Quindi, ci sarebbe la conferma del 1914 come anno di nascita della signora Gabre. (Per chi volesse approfondire, l’intera storia si può leggere sul sofisticato blog di Eddy, “appropó”, alla data del 17 ottobre 2003, …). Sempre Eddy – autorevole voce di famiglia, of course – dice però che la signora Gabre sosteneva d’essere nata nel 1917. Non ci sono documenti originali. Intendiamoci, è plausibile se si considerano le fasi storiche attraversate, con rivoluzioni e guerre che hanno interessato e rovesciato i Balcani fino ai giorni nostri. Perché la signora Gabre viene proprio da quelle zone, nata com’era a Imotski, un piccolo centro a occidente di Mostar, la località celebre per il ponte ottomano distrutto nel 2003 dall’esercito croato. Oggi Imotski si trova nel territorio della Bosnia Erzegovina. (Solo come cronaca, ricordo che una pubblicazione dell’Associazione Nazionale Venezia Giulia e Dalmazia del 1998, pur con qualche semplificazione, la segnalava come “zaratina nata a Chicago”, …).

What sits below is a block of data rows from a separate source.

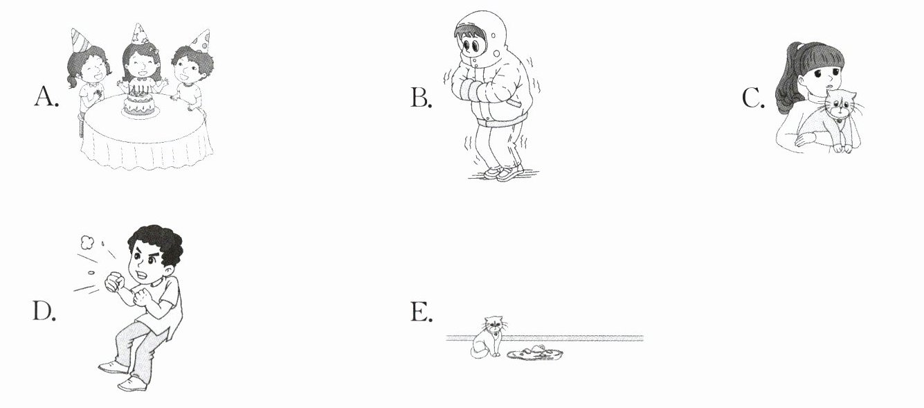 ( )1. —The cat broke the cup. —Yes. It is afraid.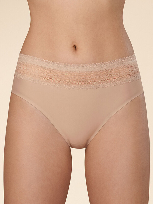Женские трусы-слипы с высокой посадкой. Изготовлены по бесшовной технологии с минимум швов. Кромки по ноге и по талии подогнуты и приклеены, хлопковая приклеенная ластовица.  Нежное геометричное кружево по линии талии высотой 5 см – не передавливает тело и не натирает кожу.  Модель оценят те, кто ищет незаметное и невесомое белье на каждый день или особого случая.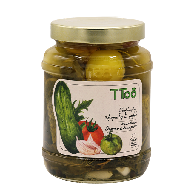 Նկարագրություն Թարմ լոլիկը և խրթխրթան վարունգը մարինացված են աննկարագրելի հյութում, որը համեմված է անուշաբույր համեմունքներով ու լիովին պահպանում է բանջարեղենի բնական համն ու բույրը։ Այս միքսը կարելի է մատուցել մսային և ձկնային ուտեստների հետ, և իհարկե, այն օղու հետ մատուցվող ավանդական «զույգն է»։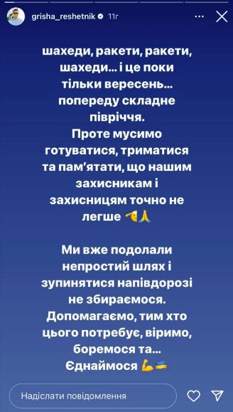 “Шахеди, ракети, ракети, ракети, шахеди… І це поки лише вересень. Попереду складне півріччя” – зазначив Гриша.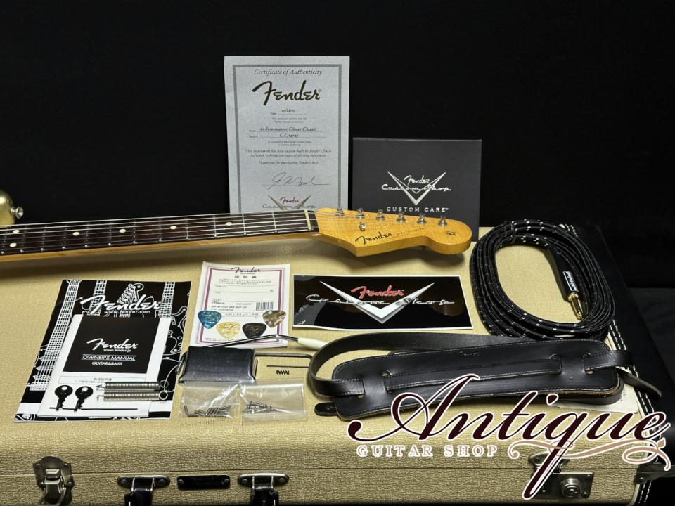 また最後にコンディションですが、こちら前所有者様がコレクション重視にて大切に所有されていた為、15年前の製作品であるに関わらず殆ど使用感の無い極上コンディションをキープしております。厳密に言えばボディサイド(ボディバック左端)に非常に浅い打痕が見受けられますが、その他目立ったスクラッチ等もなく、年式を考慮すればミントコンディションと呼ぶに相応しい素晴らしい状態です。プレイ面においてもネックコンディションは良好でトラスの余裕も左右ともにシッカリと残っており、フレットに至ってはヴィンテージタイプにて元々背の高いタイプではありませんが、目立った減りも無く9部山以上残っております。付属品についてもバックパネルを除き、認定書を含む一式が揃っており(画像参照)、ケースも特別なモデルに採用されるオリジナルのホワイトトーレックスケースが付属致します。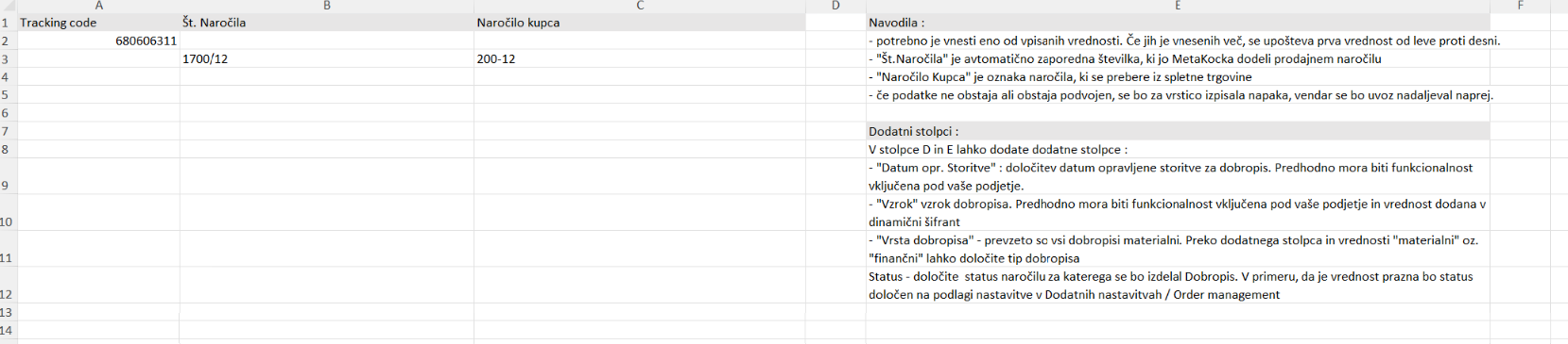 V datoteko, ki jo prejmete, prekopirate podatke iz datoteke dostavne službe. Na desni strani datoteke so zapisana navodila, katere podatke uporabite za uvoz. Dovolj je že en podatek – tracking koda, številka naročila ali naročilo kupca.
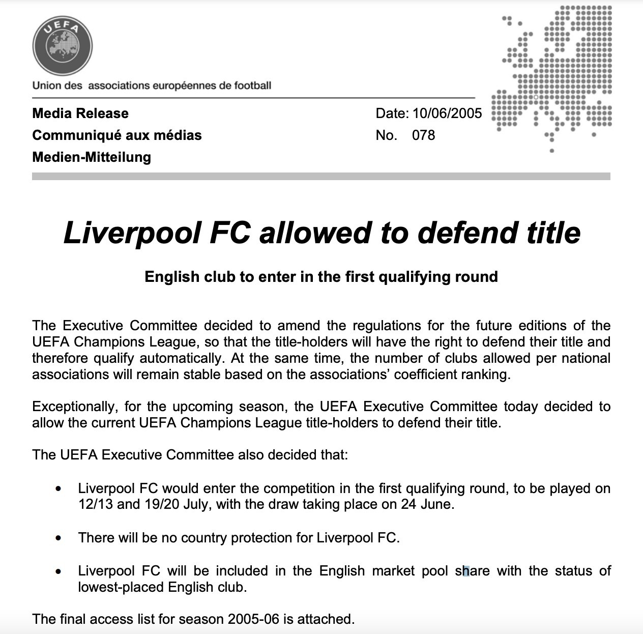 05-06赛季,欧冠卫冕冠军利物浦由于在联赛只排名第五,被欧足联特别增加了一个席位,他们从资格赛第一轮开始踢,历经6场才进入正赛。从此,欧足联为卫冕冠军确保了一个小组赛席位,无论其联赛排名。埃弗顿止步资格赛第三轮,让英超无缘成为首个五支球队参加欧冠正赛的联赛。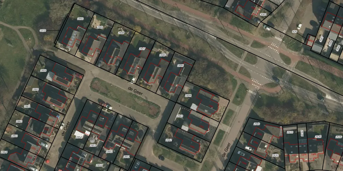 Gebruik de zoekbalk of klik op een perceel voor informatie over de adressen binnen dit perceel.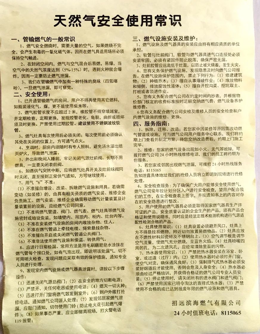 為了保障居民生產(chǎn)生活安全,預(yù)防因燃?xì)馐褂貌划?dāng)發(fā)生漏氣現(xiàn)象,今日,招遠(yuǎn)市濱海燃?xì)夤?,?duì)招遠(yuǎn)的部分小區(qū)進(jìn)行入戶檢查燃?xì)馐褂们闆r。

Posso però aggiungere qualcosa di prima mano a questa vicenda. Molti anni addietro, m’ero imbattuto in uno scaffale metallico a scomparti – conservato nella biblioteca sportiva dell’Acqua Acetosa (oggi scomparso, intendo lo scaffale, assieme a centinaia di volumi e altri documenti, …) – con le schede anagrafiche degli atleti d’anteguerra decorati al Valore Atletico. C’erano molti dettagli, compreso il rigo che segnalava la “razza”, rigorosamente “ariana” per tutti. Per l’allora signorina Gabre era scritto (e così l’avevo appuntato assieme ad altri 123 nominativi, per la prima volta tornati alla luce con i loro dati completi) ch’era nata, da “padre italiano e madre rumena a Jmotsky, in Romania (?), il 14 ottobre 1917” [sic!]. Non una conferma, solo un appunto, se pure lo si vuole considerare per il dubbio che insinua e che rimane.

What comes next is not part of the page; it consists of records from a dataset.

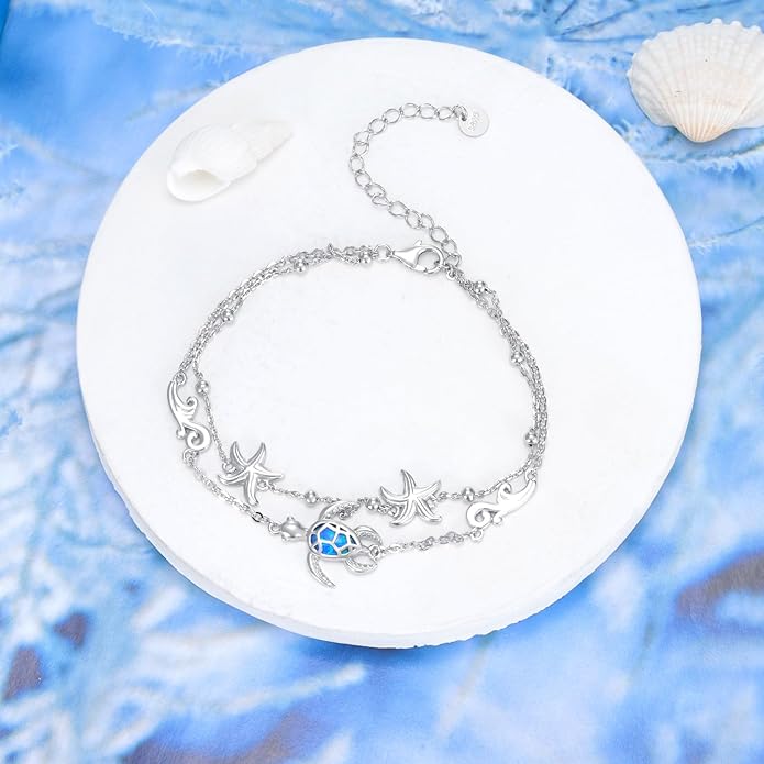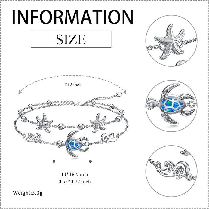 - Material: The sea turtle bracelet is made of S925 sterling silver with sparkle blue opal around it, the whole bracelet is hypoallergenic, it can be worn for a long time, suitable for people with sensitive skin, and makes you look radiant.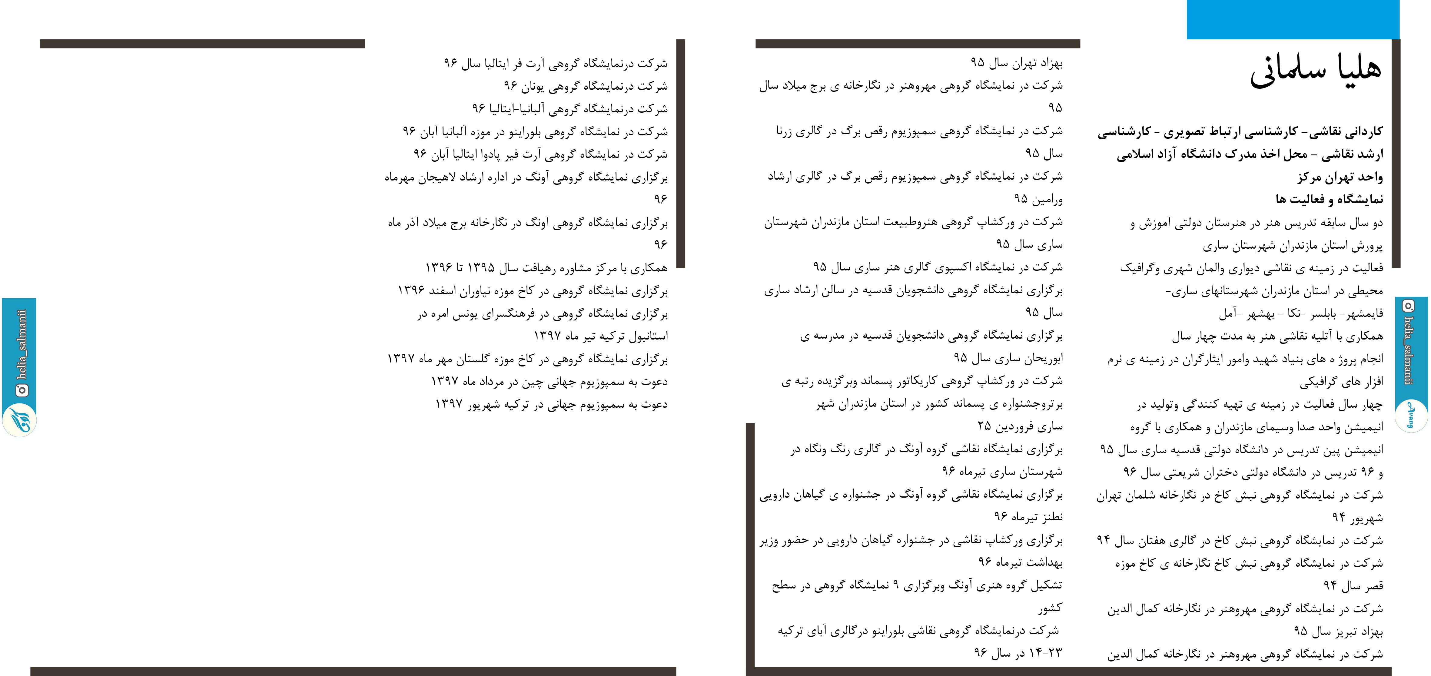 هليا سلماني کيوريتور نمايشگاه و مدير گروه آونگ برگزاري بيش از بيست نمايشگاه گروهي در سطح داخلي و خارج از ايران را همراه اين گروه داشته است همواره در تلاش بر اين بود تا بتواند به دانشجويانش و هنرمندان توانا و گمنام سراسر نقاط ايران دست ياري برساند و در نقاط مختلف كشور نمايشگاه هايي را به همين عنوان برگزار كرده است، و در نتيجه حمايت هاي هنري و فرهنگي و برند سازي جوانان پيشرو و آونگارد در هنرهاي تجسمي از جمله نقاشي، تصوير سازي، مجسمه، عكاسي و غيره ميباشد.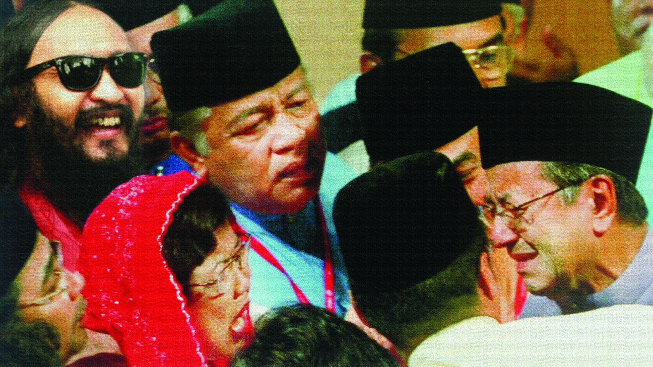 A present-day hippy finds his way into historical photographs that mark Malaysian history in this humorous slide installation. -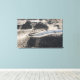 Un écran statique d'une coquille de munitions et d'une mine se trouve à moitié enseveli dans le sable avec la plage.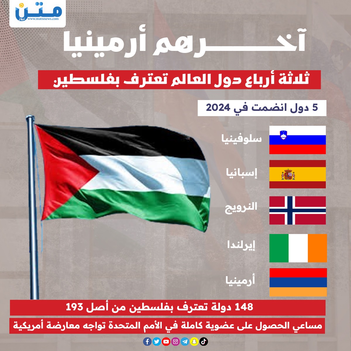 آخرهم أرمينيا.. ثلاثة أرباع دول العالم تعترف بفلسطين (انفوجراف)
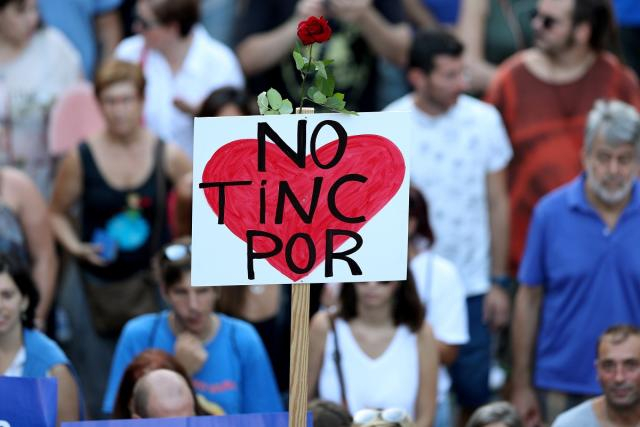 2017年8月26日,在西班牙巴塞罗那市,民众高举“我不害怕”的标语牌参加反对恐怖主义集会,抗议近期发生的恐怖袭击事件。巴塞罗那市中心兰布拉斯步行街17日发生货车撞人恐袭事件,巴塞罗那以南100多公里处的坎布里尔斯镇当晚也发生一起类似事件。(新华社/路透)再次,西方民主制度固有的悖论导致社会边缘群体利益无法得到保障。鲁文·奥吉安认为,欧洲国家恐怖袭击频发不应仅仅归结为文明和宗教冲突,它还是社会制度内部冲突和矛盾的体现。另外,欧洲国家的基督教主流文化,对穆斯林文化的曲解和排斥仍较为严重。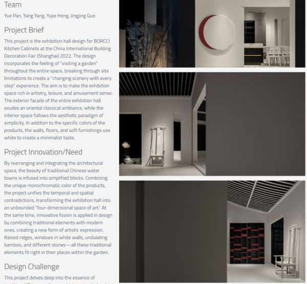 本项目是柏厨橱柜于2022中国建博会(上海)的展馆设计。设计以“游园”的巧思贯穿其间,打破场地的限制。营造出“移步换景”的体验,让产品展览空间兼具丰富的艺术性和趣味性。
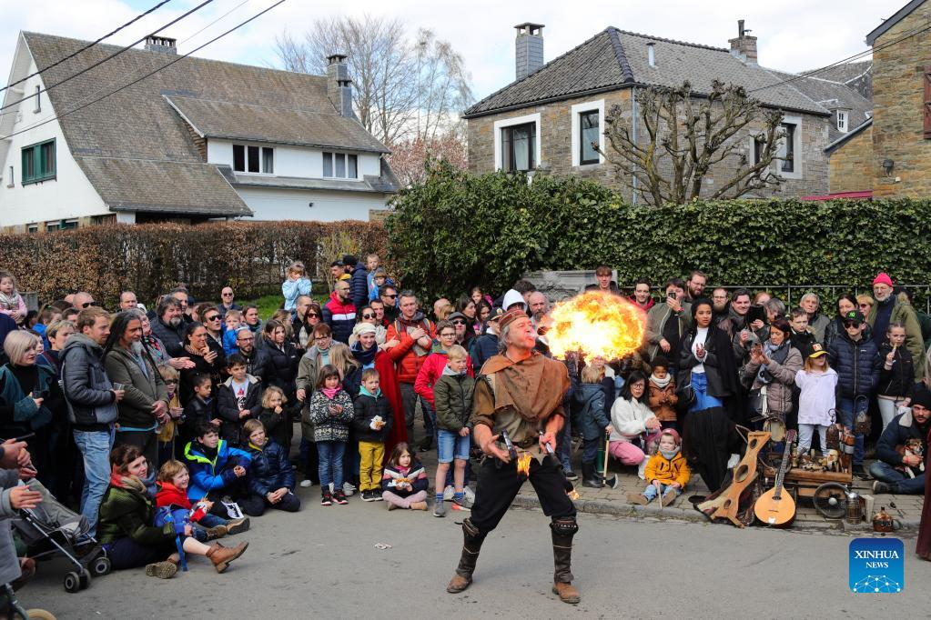 A fire breather performs during the 20th medieval festival of Ouffet in Ouffet, province of Liege, Belgium, on April 10, 2022. Highlighting performances, markets as well as various activities with the culture of the Middle Ages, the two-day festival attracted many visitors. (Xinhua/Zheng Huansong)

La storia sportiva della signora Gabre – poi moglie di Alessandro Calvesi, maestro di ostacoli non solo italiani – è ben nota a tutti, superfluo ricordarla. Rientrata in Italia intorno ai 17 anni, dopo alcuni tentativi in altri lidi, accostatasi all’atletica nel ’36 con la “Ginnastica Zara”, portava il record del disco dai 37.65 di quell’anno fino ai 43.35 raggiunti nell’ottobre 1941, quando fu quarta nella lista mondiale. Ai Giochi di Berlino ’36 otteneva il decimo posto (ancora a Londra ’48 sarà diciassettesima).

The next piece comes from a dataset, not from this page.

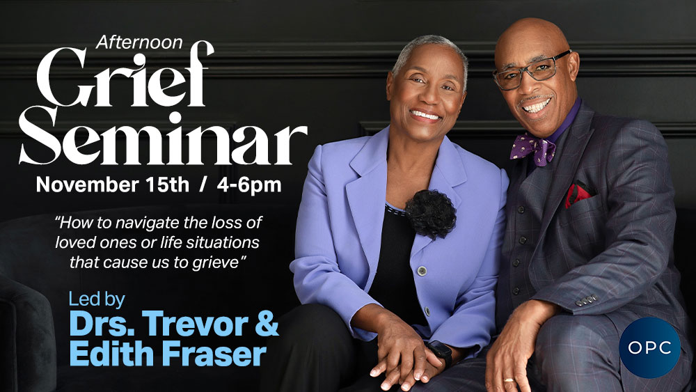 Join us on Saturday, November 15th for an afternoon Grief Seminar:  How to navigate the loss of loved ones or life situations that cause us to grieve with Drs. Trevor & Edith Fraser .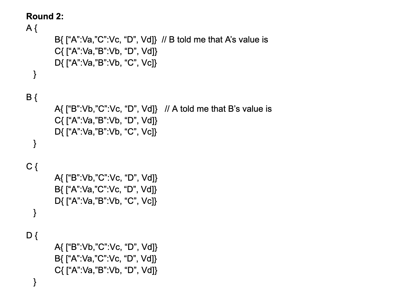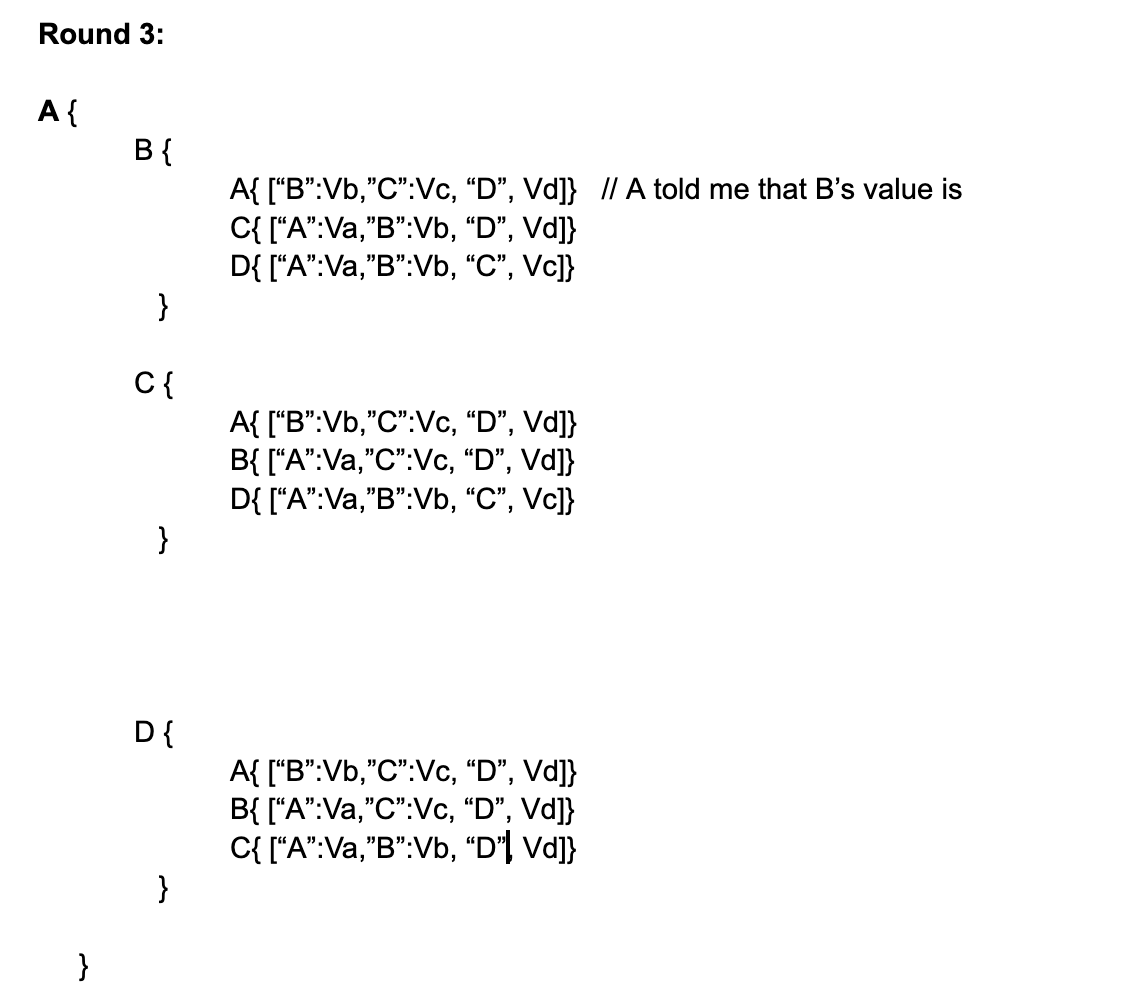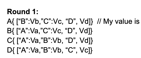Remember that after all rounds, all nodes will choose the value of the secrets which is most consistent for all nodes. So example: <A:Va, B:Vb, C:Null, D, Vd>. This means throughout the rounds, most people said A’s secret was Va, B’s secret was Vb, C’s secret could not be determined so Null, D’s was Vd. Every node should come to the same vector. This is the Interactive Consistency Vector.

Nel dopoguerra la coppia prese dimora stabile a Brescia dove radicò la sua progenie. E dove Sandro prese a insegnare atletica con specializzazione sugli ostacoli (lui stesso, d’altra parte, era stato un non eccelso ostacolista dei 400), accreditandosi come anima dell’Atletica Brescia, società che si faceva ben rispettare negli anni Cinquanta. Non sempre in sintonia con l’apparato tecnico federale, Sandro ebbe a quel tempo una buona frequentazione con Gianni Brera, col qual firmò a quattro mani alcuni fondamentali volumi di tecnica. Scrivendone tra i primi anche sui giornali e periodici del tempo (Lo Sport Illustrato, su tutti). A quel sodalizio, Gabre portava il suo contributo, lasciando anche tracce importanti in molti settori, dalle statistiche alla pubblicistica. In seguito – dopo la scomparsa del marito – approdando a una bella società femminile. Fu anche contributrice del giornale federale con schede tecniche sui giovani più promettenti del nostro movimento.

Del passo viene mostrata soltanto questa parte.